No dia do enterro Frisk desejou que estivesse chovendo. Desejou que o mundo escolhesse um clichê e tudo ficasse cinza e escuro, que a água caísse em pancadas fortes e pesadas. Desejou que o mundo parasse, não parecia certo que continuasse andando, não parecia certo que as cores continuassem a luzir como deveriam sem Asriel ali, bem no dia em que finalmente tornariam gravado em pedra sua perda, o fato que ele não mais estaria ali.

Observou ao seu redor, vendo os amigos e família espalhando-se pelo espaço reservado, a tristeza apoderando-se da atmosfera a tornando pesada, difícil de respirar.
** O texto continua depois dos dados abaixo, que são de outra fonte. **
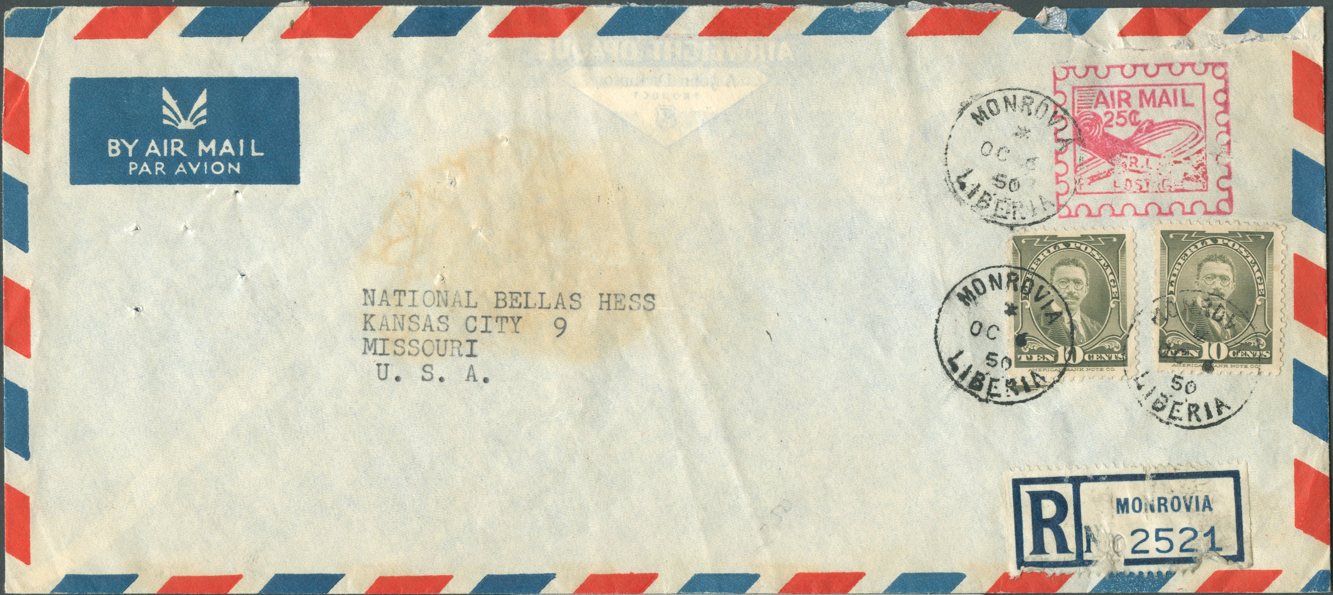 Registered airmail envelope sent on October 6, 1950 from Monrovia to National Bellas Hess, Kansas City, Missouri, USA; franking of 45 cents covering first rate (25 cents) + registration (20 cents)

Às vezes Frisk pensava que realmente não deveria, que seus pulmões realmente deveriam parar, mas eles ainda continuavam puxando cada vez mais fundo o oxigênio para seu sistema, em grandes bocadas pesadas, quase como se estivesse na verdade respirando chumbo e não ar.

Ainda assim o céu brilhava em um dia claro, a grama do cemitério estava em um verde vivo, a cidade se movia como sempre, nada de diferente parecia ter acontecendo. E mesmo que parecesse tão errado, ainda aparentava se encaixar tão bem.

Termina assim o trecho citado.